くず屋とは、江戸時代あたりから実際にあった職業で、もともとはチリ紙交換のようなものだったそうです。

人々から紙くずを買い集めて、紙を再生させる業者へ売るという仕事です。

それがだんだんと、屑鉄や古着、古道具なども扱うようになっていったそうです。

江戸の町には、それぞれの分野のエキスパートがいて、修理や再生をして、大事に物を使っていたそうです。

つまり江戸の町は、廃品回収とリサイクル業が、とても進んでいたという事らしいのです。

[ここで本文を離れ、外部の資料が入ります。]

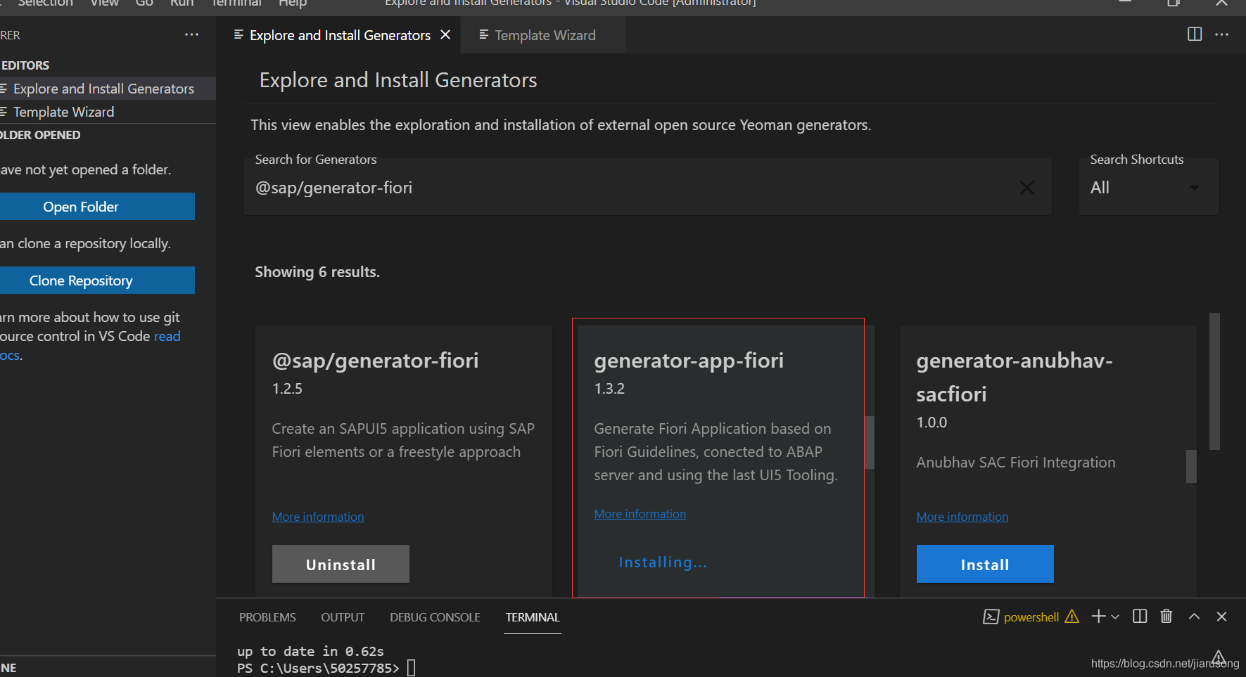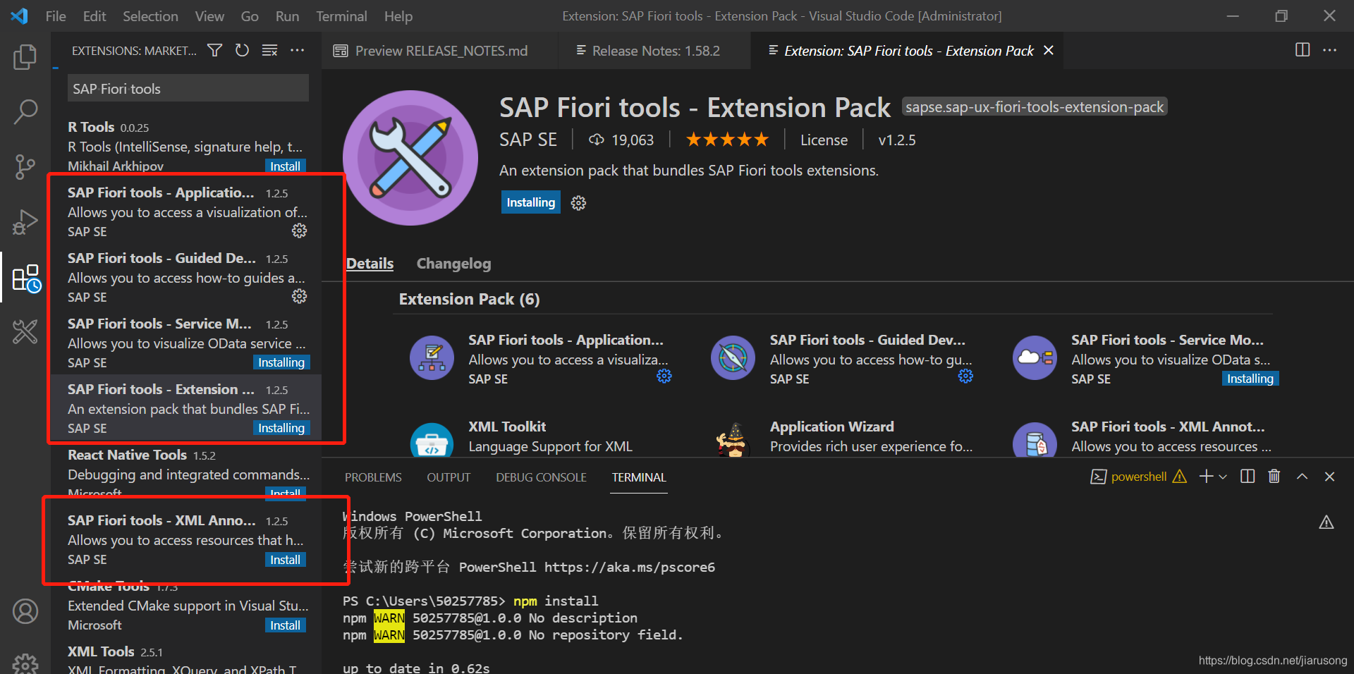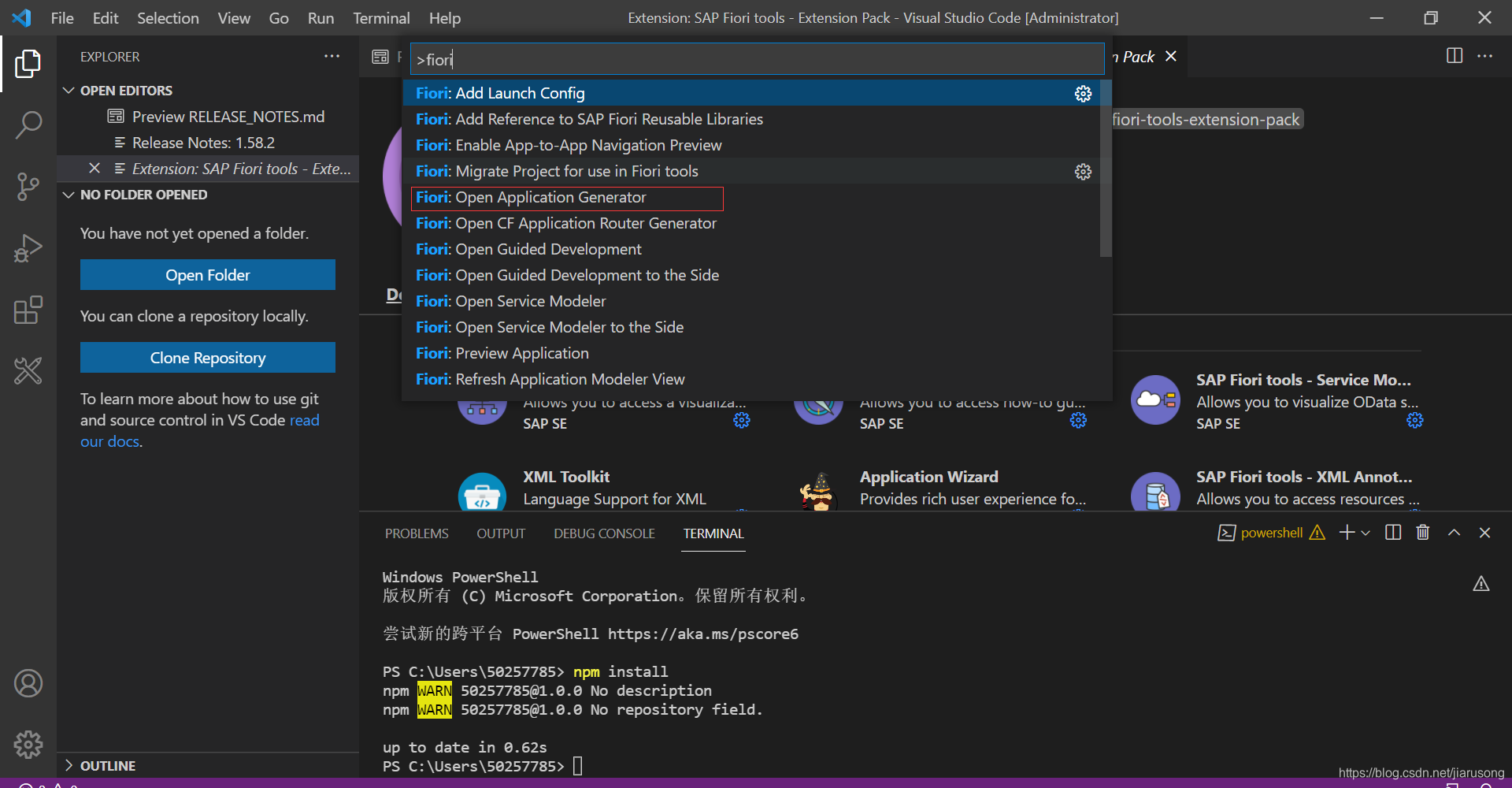 在左侧菜单栏这个地方是extension,就是装插件的。在上方搜索框输入SAP Fiori tools 后,把出来的这几个全部都点一下安装,这里就先装这么多,插件是好心人不断更新的,如果有需要可以不定时来找下新插件。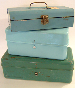 Love these vintage tool and fishing boxes, probably the color does it. You need to buy them in 3's. Priced at $16.95 to $21.00.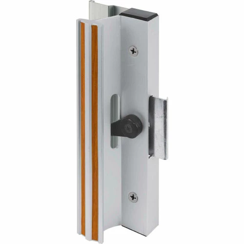 Extruded aluminum inside pull with wood grain feature strip. Clamp-latch with metal activator. Flush extruded aluminum outside pull. Used by many glass door manufacturers.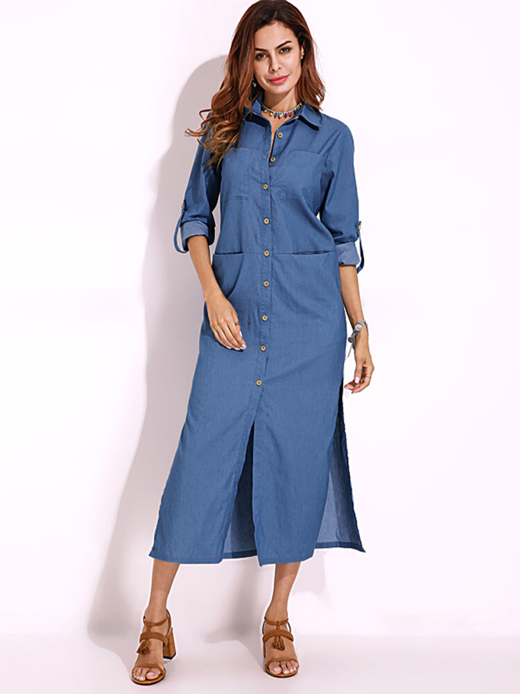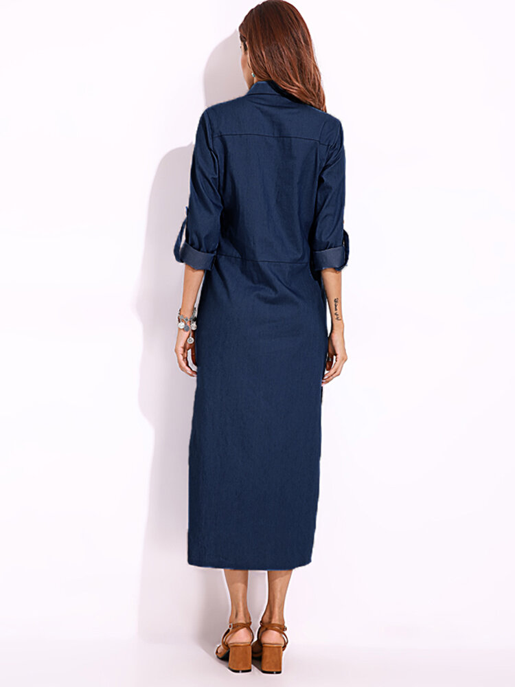 Elegante Women Down-Down Collar Long Sleeve Button Down Denim Shirt Dress

さて今回は、ある「くず屋さん」が騒動に巻き込まれてしまったお話です。

少々長くなりますが、どうぞお付き合いを。

江戸時代でございます。

麻布の茗荷谷というところに「はや兵衛」というくず屋がおりました。

この人は、まがったことが大嫌い。

人呼んで「正直はや兵衛」なんて、ちょっとした有名人でした。

さぁ、今日もお仕事です。

「くずーーーーーーぃ」

「すみません、ちょっと、くず屋さん」

「へい!!」

声をかけたのは、つぎはぎだらけの着物を着た、年頃の女性。

そういって入って行ったのは、裏長屋。

「父上、くず屋さんを呼んでまいりました。」

『おぉそうか、これはこれはくず屋さん、くずがたまったので持っていってもらいたいと思ってな。』

「さようですか、それはそれは、」

中にいたのは、その父親で、樋口朴斎(ひぐち・ぼくさい)と名乗る浪人。

『それと、くず屋さん・・・もう一つたのみがあって』

「あっしね、恥ずかしながら、くず屋やってますけどね、目が利かないので値踏みができないんですよ。」

はや兵衛さんは断ったのですが、どうしてもとたのまれてしまい、困ってしまいました。

この樋口朴斎、うらぶれてはおりますが、もともと然るべきところに仕官するお侍でありました。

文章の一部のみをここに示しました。